When it came time to record, they reunited with Beware of the Maniacs and Visiter producer John Askew to collaborate behind the boards. In a back-to-basics approach for a live-it-and-breathe-it kind of band, they holed themselves up in the studio for two months with, according to their Twitter feed, "every instrument known to man." It was a post-production decision to rid the album almost entirely of the vibraphone (and the vibraphonist) they were so excited about on Time to Die that really took them back to their basics though, operating again as a duo. Given the self-imposed restrictions of their setup—a guitar player without a pick, a drummer without a kick drum, a band without a bass player, writing dancey pop songs without synths—the two guys on board are going to have to work harder than a band with more members to produce their sound. And so they do—putting the band's visceral energy at the forefront.
For the first time ever, Long uses an electric guitar as his primary instrument, but its slight sheen is warmed by all the sonic oddities dropped into nearly every fold—this is where those tinny echoes from his vibraphone experiment come into play, or, say, the subtle flamenco twang in "Companions"—and it certainly doesn't hurt having Neko Case's distant backing vocals on every other song. Playing an electric rather than an acoustic serves to downplay the botched, warts-and-all charm of their early material in favor of more precise-sounding compositions. Again, though, it's a self-inflicted restriction that saves them from sounding sterile: Long still opts to fingerpick, giving the recording a slightly jagged quality that wouldn't be there if he used a standard pick. They're making an awful lot of noise, but it hits on a primal, intimate level.

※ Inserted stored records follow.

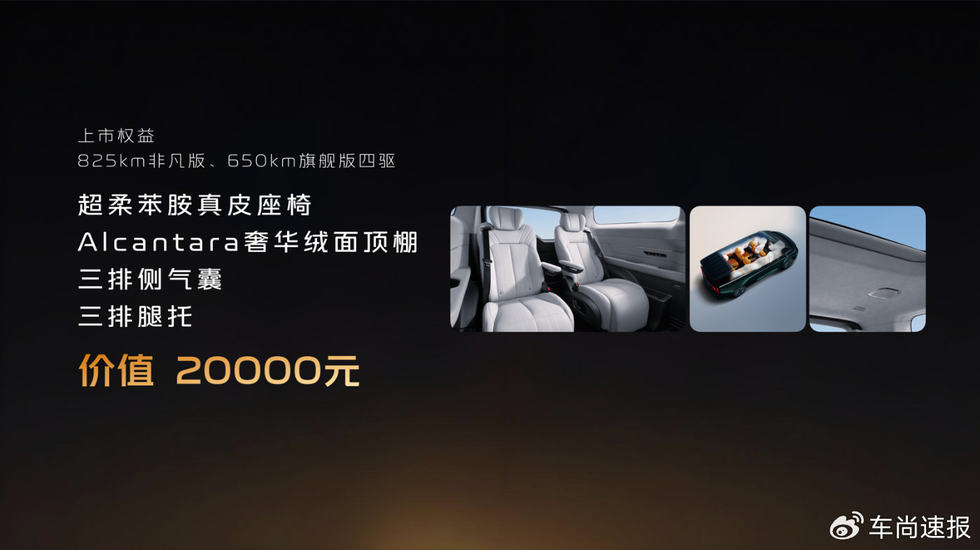 对于频繁往返沪杭、广深等地的商务人士来说,670km旗舰版四驱是不错的选择。豪华Nappa真皮和后排头枕屏,二排座椅带腿托、SPA按摩及一键躺倒功能,带遮阳帘的2.18㎡超大观景隔热天幕,商务接待面子十足。长途差旅或长途自驾爱好者,825km非凡版的超长续航是刚需。宁德时代140kWh麒麟电池,从杭州到北京仅需1次补能;CDC减震器+前后四空簧,大幅提升长途出行舒适性。这两个版型还限时加赠超柔苯胺真皮座椅、Alcantara、三排腿托、三排侧气囊等总价值20,000元的权益,进一步提升豪华舒适体验。
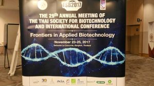 อ.ดร.พักตร์พิมล อึ่งเจริญวิวัฒน์ ได้เข้าร่วมนำเสนอผลงานเรื่อง Transesterification reaction for palm based wax esters by immobilized lipase EQ3 isolated from wastewater of fish canning industry ในงานประชุมวิชาการประจำปีระดับนานาชาติของสมาคมเทคโนโลยีชีวภาพแห่งประเทศไทย ครั้งที่ 29 ประจำปี 2560 ในหัวข้อ “Frontiers in Applied Biotechnology” โดยสมาคมเทคโนโลยีชีวภาพแห่งประเทศไทย (TSB) และสาขาอุตสาหกรรมเกษตร อาหาร และเทคโนโลยีสิ่งแวดล้อม (AFET) คณะวิทยาศาสตร์ประยุกต์ มหาวิทยาลัยเทคโนโลยีพระจอมเกล้าพระนครเหนือ (KMUTNB) วันที่ 23-25 พฤศจิกายน 2560 ณ โรงแรมสวิสโซเทล เลอ คองคอร์ด กรุงเทพฯ
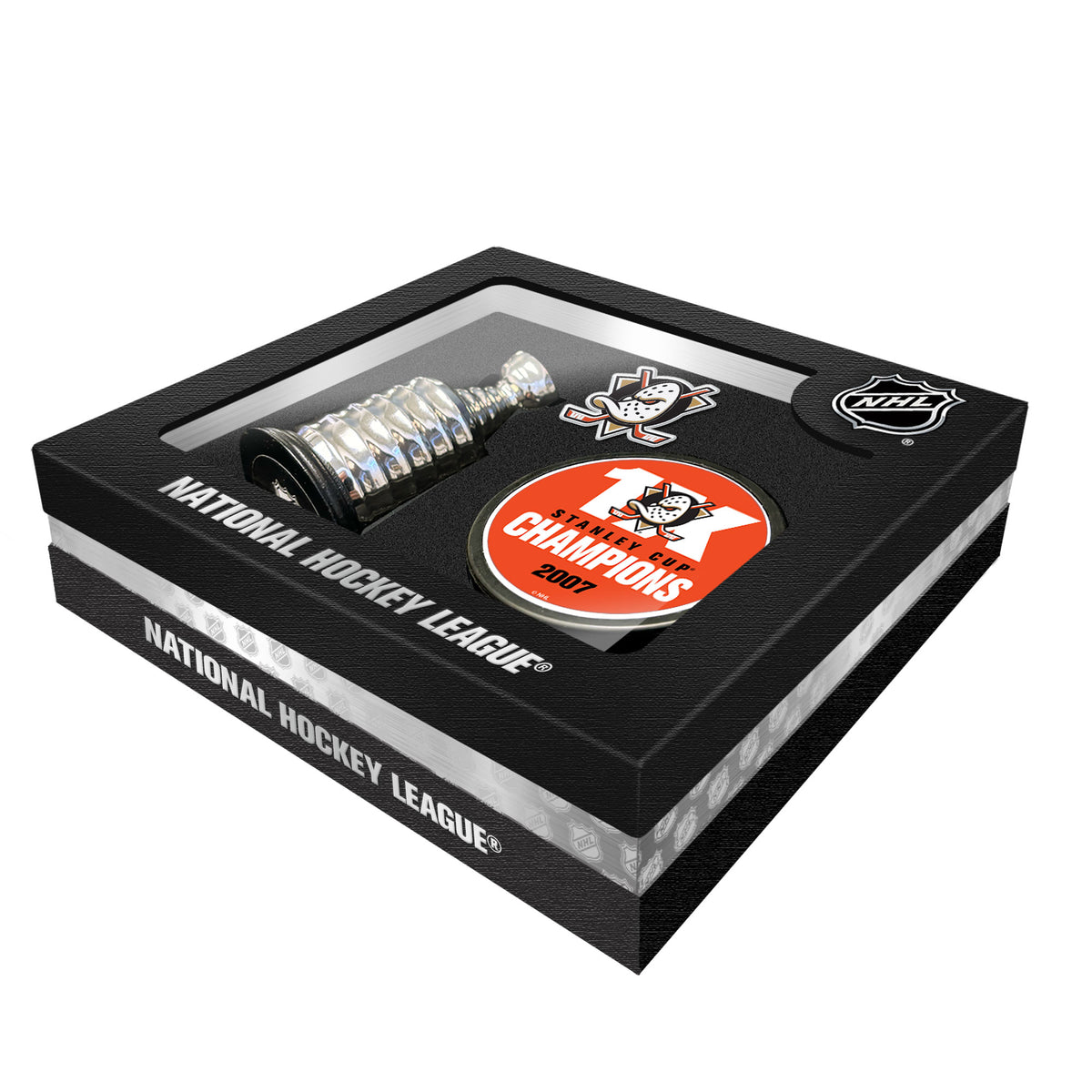 Anaheim Ducks Stanley Cup Champs Puck + Replica Cup Gift Box Set
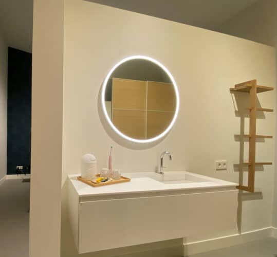 Deze 80 cm ronde badkamer spiegel is rondom voorzien van 24V hi-power LED verlichting, spiegelverwarming en een touch schakelaar met dimfunctie voor de verlichting. De praktische verlichting schijnt door de 15 mm lichtbaan in het gezicht en geeft daardoor voldoende licht bij bv het scheren of het make-uppen.
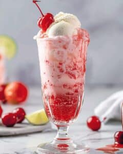 A playful Shirley Temple float made with creamy vanilla ice cream, fizzy lemon-lime soda, and sweet grenadine, finished with festive maraschino cherries for a nostalgic no-fuss dessert drink.
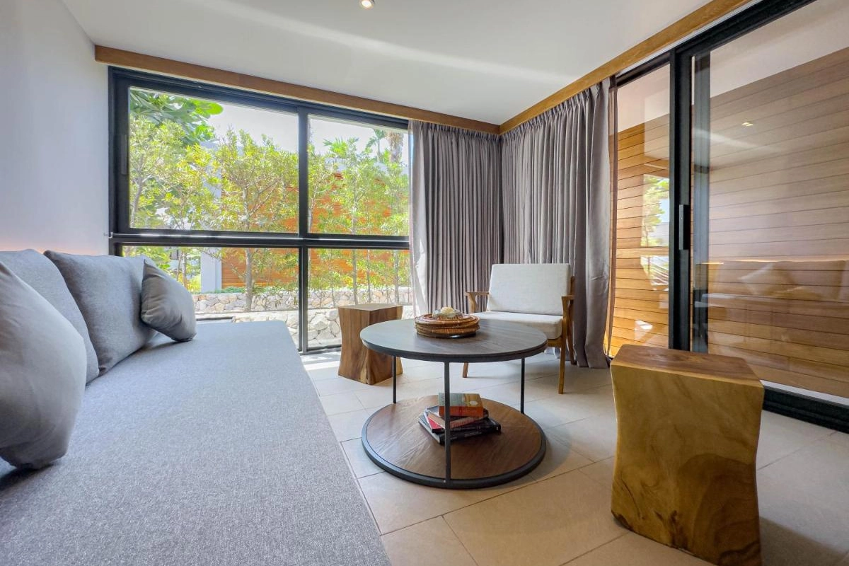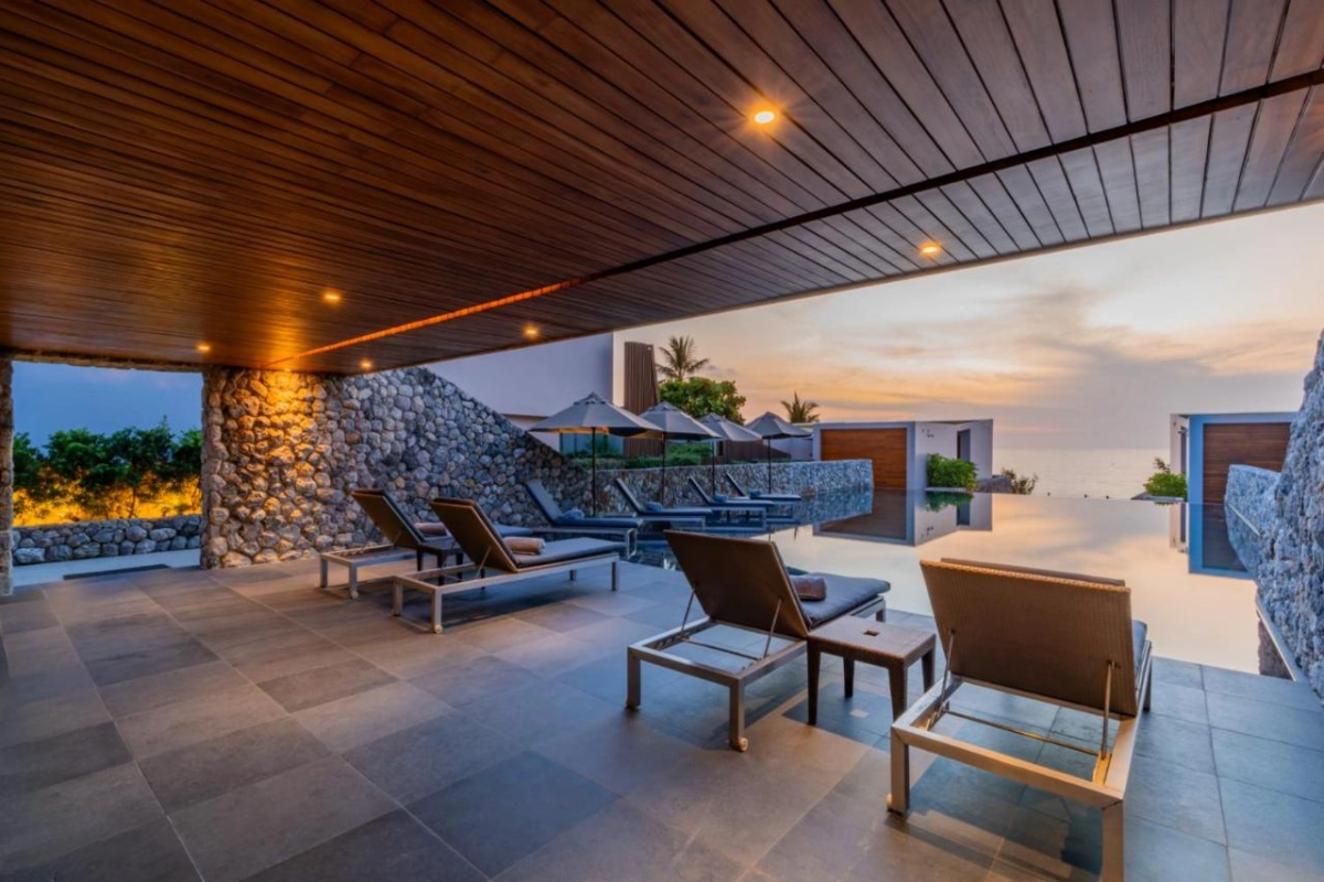 The 34 slate-grey cube villas, available in six distinct categories, showcase expansive glass facades framing panoramic sea views, private sun decks, and individual pools. Each villa is equipped with flat-screen televisions, vibrant iPod docks, complimentary minibars stocked with snacks, and spacious bathrooms with rain showers and premium toiletries. Duplex two-bedroom villas offer flexible bedding options with king-size or twin beds. The spa provides rejuvenating massages, while a state-of-the-art fitness centre and yoga sessions invigorate guests. Complimentary water sports equipment and bicycles encourage exploration of the coastal surroundings.
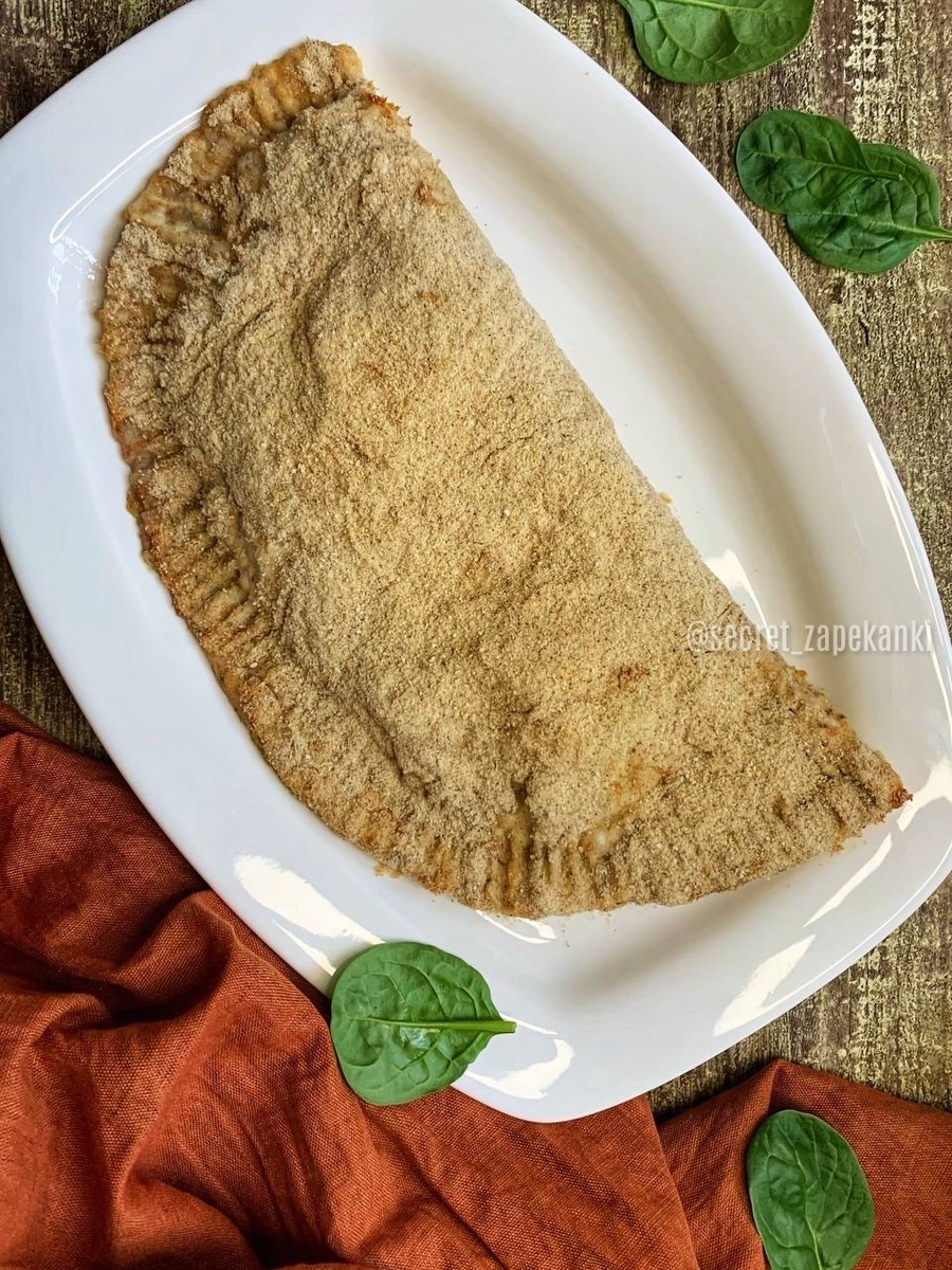 На первый взгляд, от классического кальцоне здесь, пожалуй, только форма. А я напомню, что кальцоне – это закрытая пицца в форме полумесяца… Но попробовав, вы и не заметите разницы. Фарш настолько филигранно превращается в тонкое запечённое тесто и идеально запечатывает все соки внутри. А ещё такой кальцоне может смело претендовать на звание самого ППшного и полезного, от которого вы не имеете права отказаться! Берём: - фарш куриный 450 г - чеснок сухой 2/3 ч. л. - орегано 1/2 ч. л. - соль, перец - творожный сыр 40 г - паста томатная 20 г - шпинат свежий 30 г - помидор 1 шт. - сыр моцарелла для пиццы 50 г - сухари панировочные 20-30 г Противень, пергамент силиконизированный 2 шт., скалка. Фарш соединяем со специями и вымешиваем. Формируем из него «колобок». Творожный сыр смешиваем с томатной пастой. Шпинат перебираем, промываем при необходимости. Помидор и моцареллу нарезаем кружочками. Пергамент посыпаем 1/2 сухарей. По желанию их можно немного обжарить на сковороде.
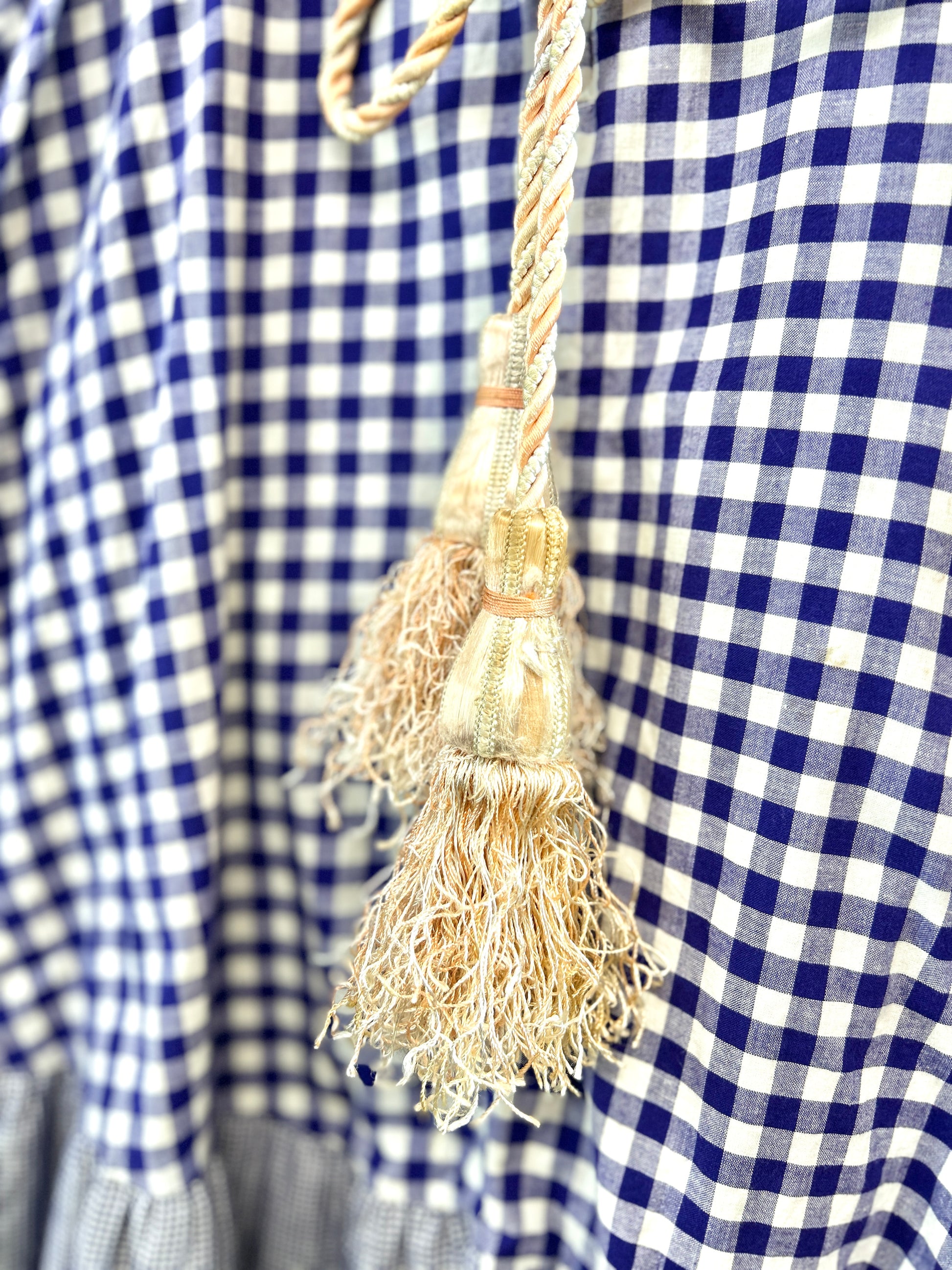 上品で繊細に編まれたホワイトボディに、腰紐に使われたタッセルが素敵なアイテム。
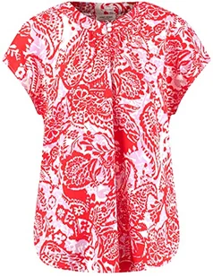 Gerry Weber Damska bluzka ze wzorem z dekoltem na guziki, krótki rękaw, przecięte ramiona, bluzka z krótkim rękawem, wzorzysta, Ecru/biały/czerwony/pomarańczowy nadruk, 36
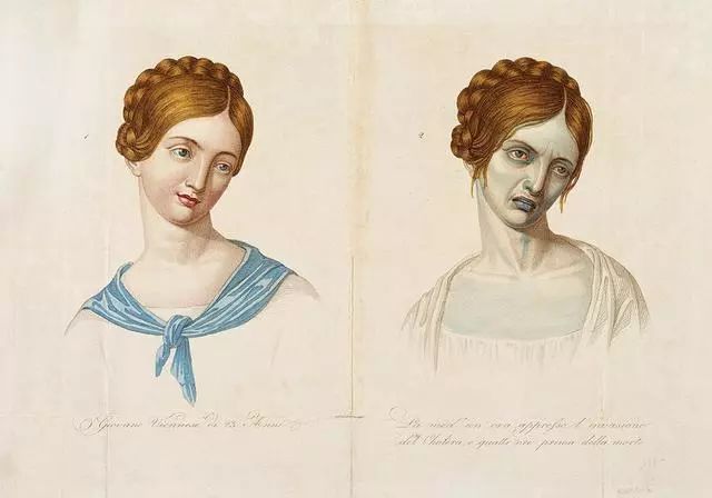 绘画作品中一位年轻女郎感染霍乱前后的面容。图片来自:The Sick Rose: Disease and the Art of Medical Illustration
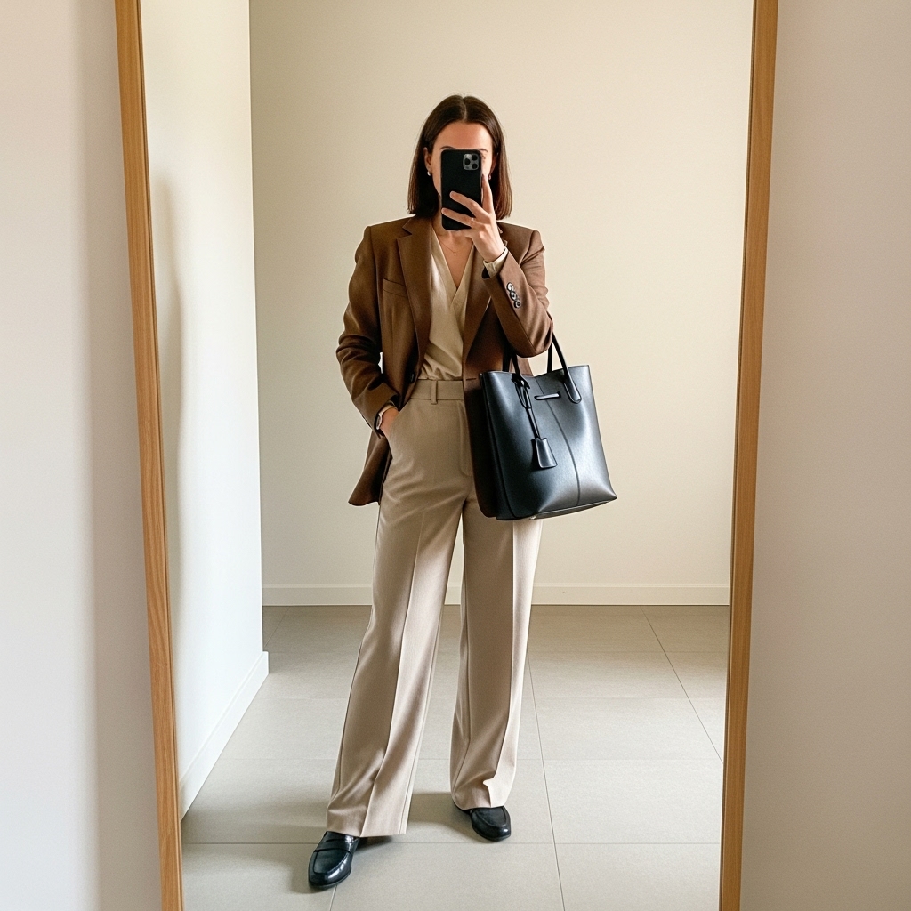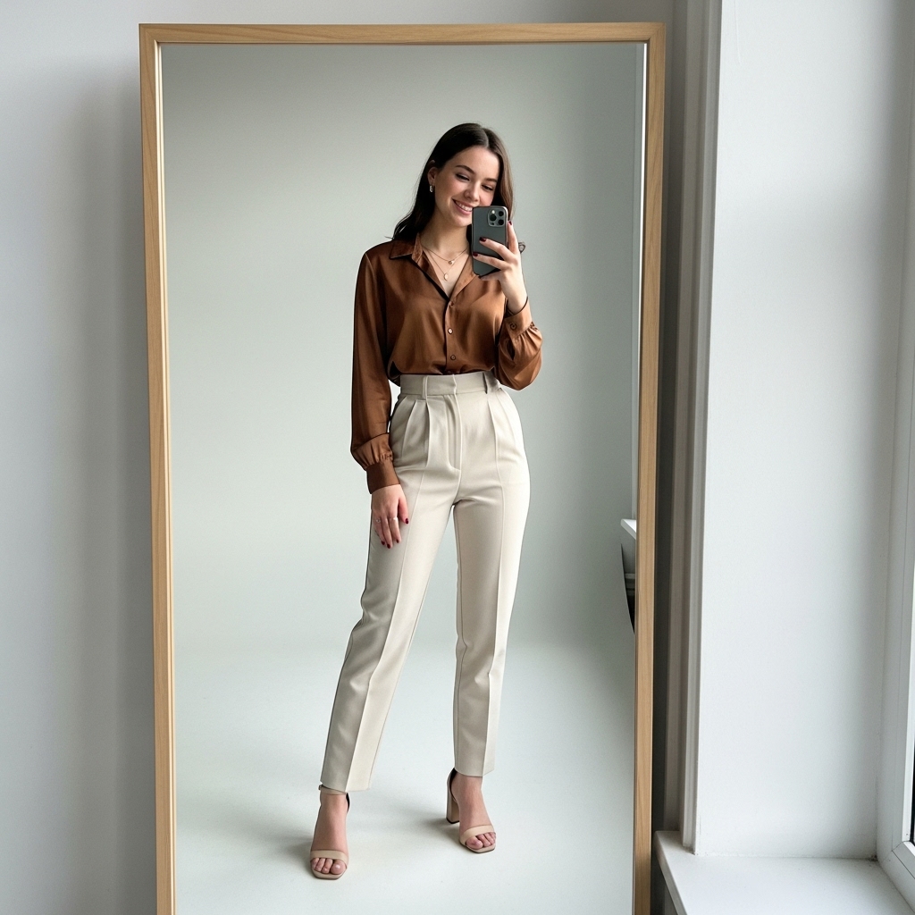 A silky brown blouse tucked into cream trousers creates a chic office-ready outfit. Add heeled loafers and a beige blazer for a sophisticated layered look. This is ideal for women who want timeless style in professional settings.

The front half of the album is particularly huge-sounding, full of chattering, on-the-rim thwacks and untamed riffs, but the bigness that the Dodos achieve here is not anthemic in a theatrical, Arcade Fire kind of way or of the Animal Collective build-and-release variety. Tracks like "Good" and "When Will You Go" come off like evolved jam sessions, capturing a certain instantaneous expression that could only be possible with Long and drummer Logan Kroeber having played together for so many years. The guitar riffs and drum rhythms are tightly interlocked, but there's a pulsing back-and-forth between them, too.
Maybe the best thing about No Color is that it never seems to aim for grandeur. It just happens. "Going Under" starts off likably enough: Long is in wounded-boy mode, his vocals riding the wave of Kroeber's bobbing drums. "You're getting good at giving up/this ship is going under, going under, going under," he sings. But then, just as he's done so many times in the past, he lets out a guttural bark about halfway through, calling on the drums to engulf everything else while the ever-present whir of cymbals periodically turns to crashes. Long's vocals literally start going under the racket, but then, for no real apparent reason, he starts cooing like a bird, nonchalantly tossing off the weight of the world. Their willingness to throw caution to the wind and just go for it—whether "it" means mimicking a winged animal, screaming into a vibraphone, or just banging the shit out of drums—allows them to reach an intensity that matches a band three times their size. The Dodos' uncalculated eagerness is not lost in a current indie rock landscape where exerting so much effort is not in fashion, and maybe never has been. No Color is a kicking and screaming accusation against those jaded attitudes, well-mannered arrangements and contentment with simplicity. And the best part is, The Dodos might not even mean it to be.